Commercial enterprises are increasingly turning to an integrated risk management (IRM) approach to security, rather than simply trying to meet governance, risk management and compliance (GRC) standards. The shift is reflected in projected growth of nearly 50% in the size of the IRM market over the next three years.
These developments were predicted by Gartner Inc. analysts at their 2018 Security and Risk Management Summit in early June. Using data gathered during an in-depth survey of security professionals as well as from individual discussions with numerous end-users, Gartner discerned a clear evolution in corporate budgeting and procurement priorities toward IRM.
“Every day I’ll hear that… GRC is outdated and broken,” said Gartner Research Director John Wheeler, with end-users “typically painted into a corner.” He noted that GRC architectures are costly to maintain, purposely closed and proprietary and very compliance-driven in content. Their design is technical and control-focused and their features and functions are rigid and hard to change. Moreover most GRC use cases are driven by internal IT department buyers and the users are mostly technical.
Wheeler said, “Circumstances change, business is changing… and regulation and compliance are changing.” As a result, he added, GRC approaches need to be reconfigured, upgraded or replaced.
In an evolving digital environment where new forms of geopolitical and digital risk are emerging with increasing regularity, Wheeler noted that business leaders see the need for greater agility and investment, and “they recognize that integrated risk management is critically important to their success moving forward.”
In contrast to GRC, IRM fully encompasses operational aspects such as people, processes, technology and external events, but also spans organizational, financial and reputational risk. Moreover, IRM’s focus is on holistic enterprise-wide risk, which includes not only trying to understand the risk profiles of individuals within the enterprise but also outside factors like supply chain and vendor risk.
IRM solutions are characterized by open and integrated architectures whose content is risk-focused. Designed to be business-oriented and process-based, these solutions have flexible (i.e., configurable) features and functions. And because they are ecosystem-driven and intended to be used across business units as well as with partners and suppliers, the IRM champions and buyers tend to be business leaders, Wheeler said.

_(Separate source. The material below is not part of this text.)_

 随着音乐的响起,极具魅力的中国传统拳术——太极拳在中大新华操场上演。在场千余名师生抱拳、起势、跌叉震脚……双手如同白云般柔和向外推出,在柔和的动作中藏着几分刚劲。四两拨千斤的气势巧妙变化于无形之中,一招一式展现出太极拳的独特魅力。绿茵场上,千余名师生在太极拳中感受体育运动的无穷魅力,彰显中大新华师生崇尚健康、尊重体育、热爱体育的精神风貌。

Key resilience use cases Wheeler described as benefitting from an IRM approach include digital risk management, vendor risk management and business continuity management. From a compliance perspective the primary IRM use cases are audit management, corporate compliance and oversight and enterprise legal management. “All that needs to be well understood in broader context and properly assessed, so that the exposure is well known.”

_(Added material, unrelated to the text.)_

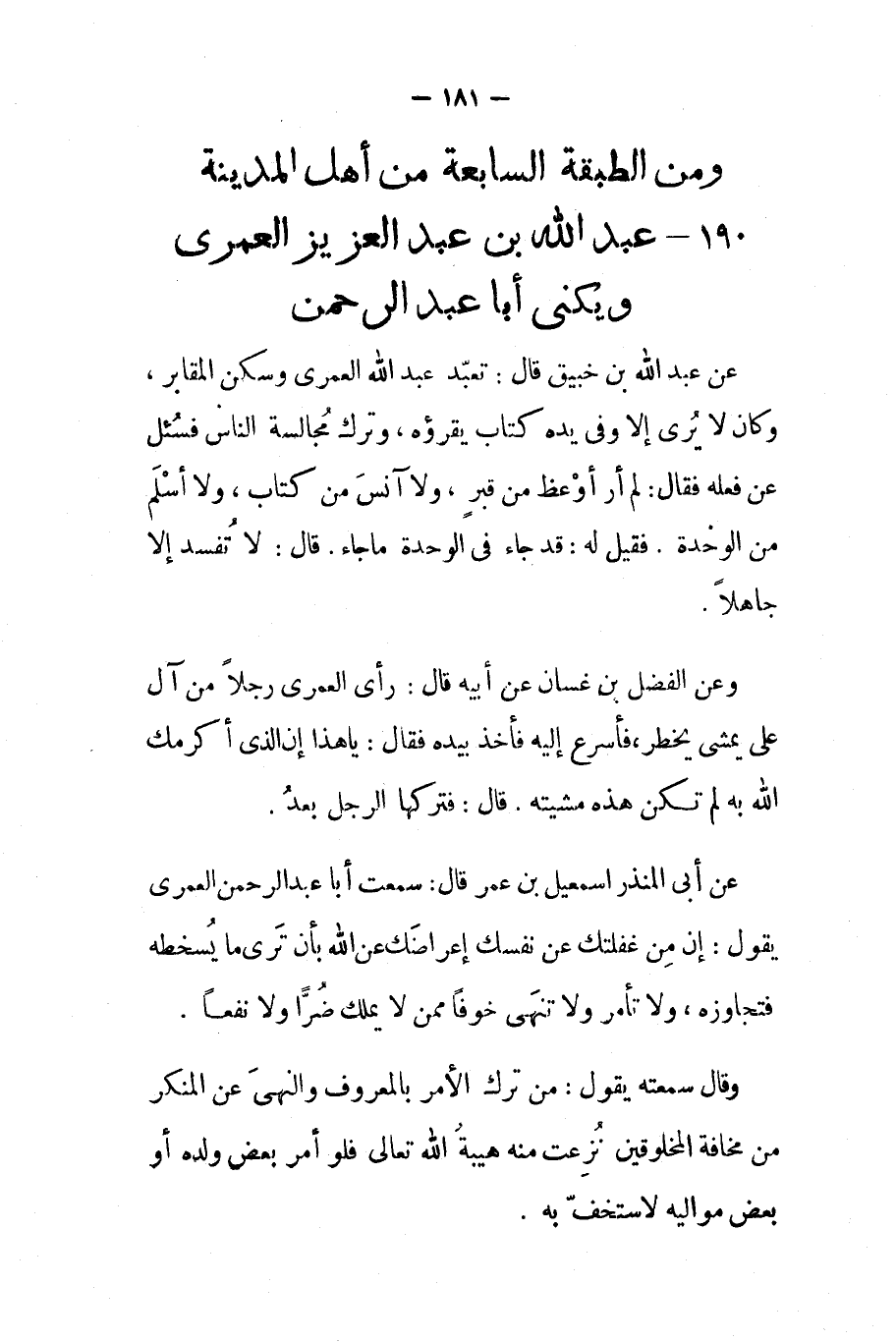 190 - عبد الله بن عبد العزيز العمري ويكنى أبا عبد الرحمن

Haystax Technology has long advocated for an integrated approach to security risk management. Such an approach requires buy-in from all corporate stakeholders — not just an IT department wrestling with cybersecurity incidents in isolation or a legal counsel focused purely on regulatory compliance or the theft of intellectual property — and of course from top leadership as well.
Integrated risk management is the single largest (and most profitable) sector within the security and risk management software market covered by Gartner. It predicts that the IRM solutions market will grow from $5.3 billion in 2017 to $8 billion in 2021, with a compound annual growth rate of 11.8%. The growth is being driven in large measure by an emerging corporate focus on making better decisions in response to burgeoning digital risks.
Within three years, Gartner projects, 50% of large enterprises will be using IRM solutions, up from 30% in 2017. However much of the near-term growth will be attributable to small and medium-sized business buying IRM solutions in the form of software as a service, or SaaS. This is due to the fact that SMBs have neither the budgets nor the infrastructure to deploy and maintain a dedicated on-premises solution, while at the same time they need a solution to be deployed rapidly.